Original story by Verstka. Abridged translation by Sam Breazeale.

Since the start of Russia’s full-scale war in Ukraine, family members of missing soldiers have frequently posted in online groups seeking information about their lost relatives. In response, they often get private messages from strangers offering to help for a fee — offers that almost invariably prove to be scams. Journalists from the independent outlet Verstka dug into how these frauds work and even spoke to one con artist who explained how he and his prison cellmate concocted their scheme. In English, Meduza summarizes this report.

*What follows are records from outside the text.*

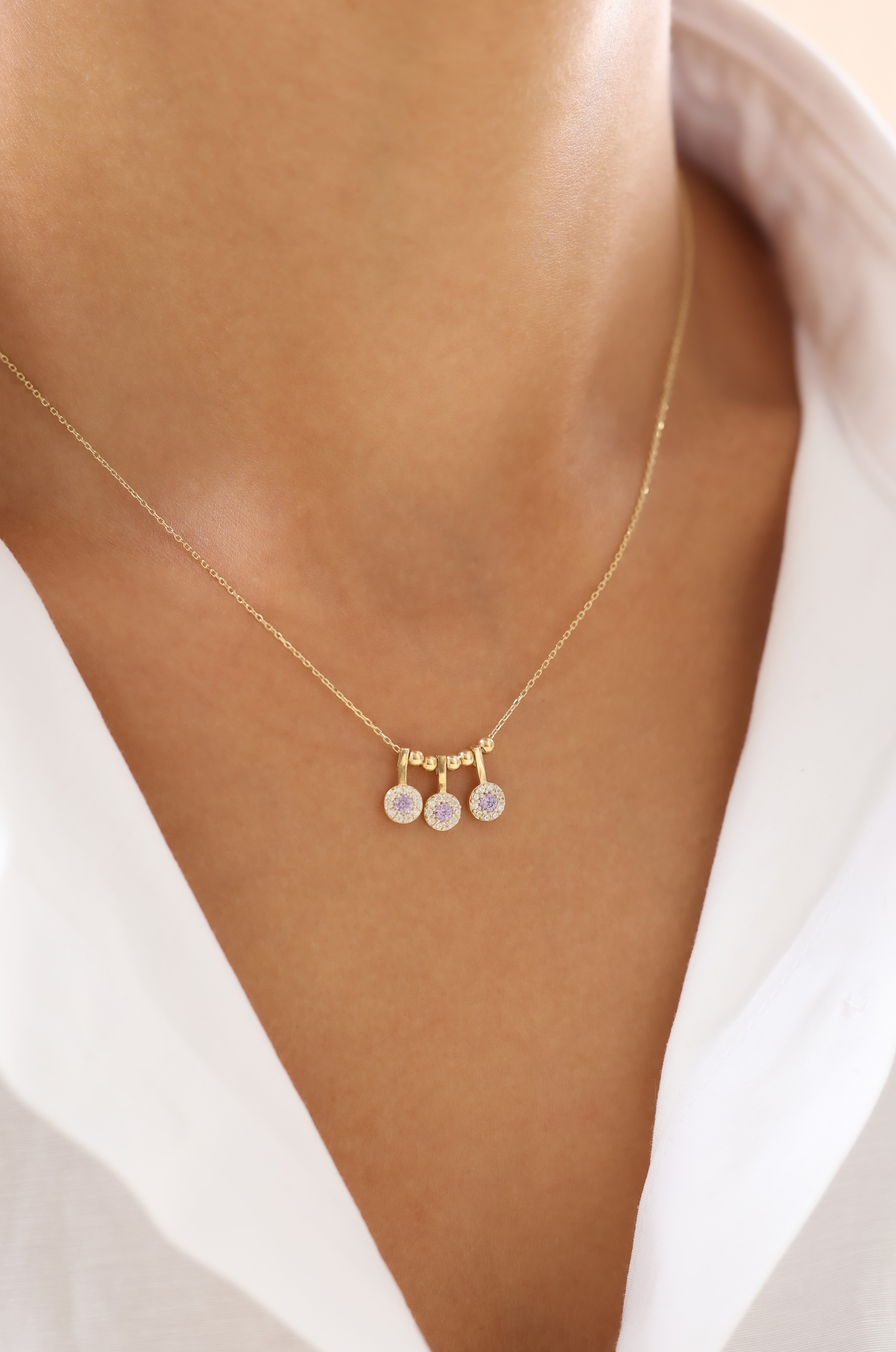 Göz Alıcı Mor Taşlı ve İşlemeli 14 Ayar Altın Kolye, modern dokunuşlarla yeniden yorumlanmış klasik bir şıklığı temsil ediyor.Üç adet mor taş detay, zarif altın halkalarla bir araya gelerek ışığı en etkileyici şekilde yansıtıyor. Mor taşın asaletiyle altının sıcak tonları buluşarak, hem gündüz hem gece stillerinde benzersiz bir uyum yaratıyor.
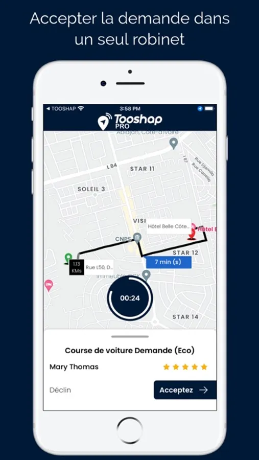 3 – Appelez immédiatement le client à l’aide de la fonction d’appel dans l’application en accusant reception de l’acceptation de la demande
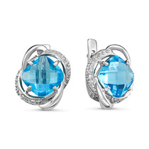 Серьги-пусеты из серебра с фианитами родированные 925 пробы с13-03
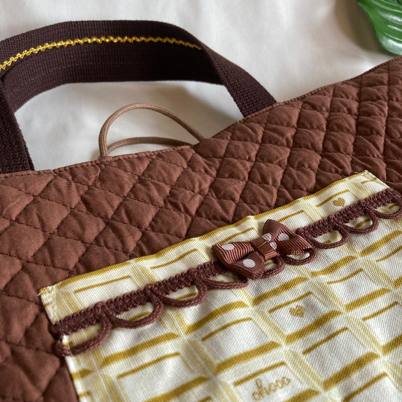 チョコレートPT、キルティングブラウン、レース・リボンで飾りました★
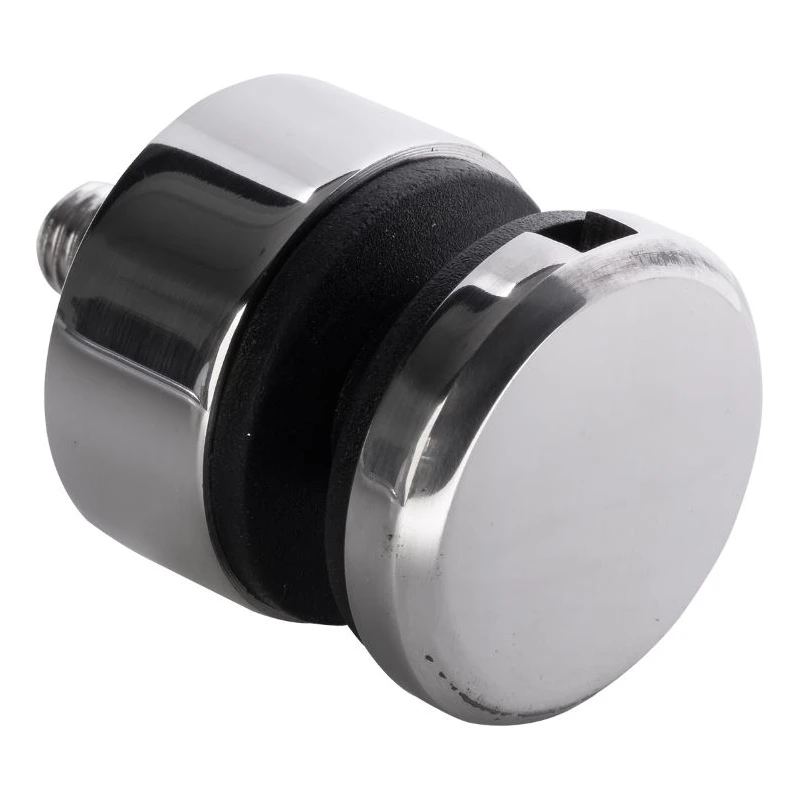 Úchyt stabilne podopiera sklá hrúbky od 6 do 12 mm vďaka priloženým dorazovým gumám s plným rozsahom regulácie. Závitový čap M8×40 s imbusovým otvorom umožňuje rýchlu a spoľahlivú montáž k nosnej konštrukcii. Kompaktný priemer 30 mm umožňuje diskrétne upevnenie, ktoré nedominuje nad sklenou tabuľou.

$78 to send a message into the void

Vladislava and Anna live in Ukraine’s occupied Donetsk region. Though they don’t know one another, they have several things in common: they both have relatives who went missing after deploying with the Russian army, and they both recently received identical messages from someone named Yulia Ivanova who claimed to be a journalist from the now-closed pro-Russian Ukrainian TV channel NewsOne.

“Yulia Ivanova” told both women that their missing relatives — Vladislava’s uncle and Anna’s brother — were being held as Ukrainian POWs. She then sent them links to what she claimed was the official form for contacting the military command of the self-proclaimed “Donetsk People’s Republic.” To submit a message, the form required a payment of 5,000 rubles (about $78). Both women saw the fee as a red flag, and both stopped responding.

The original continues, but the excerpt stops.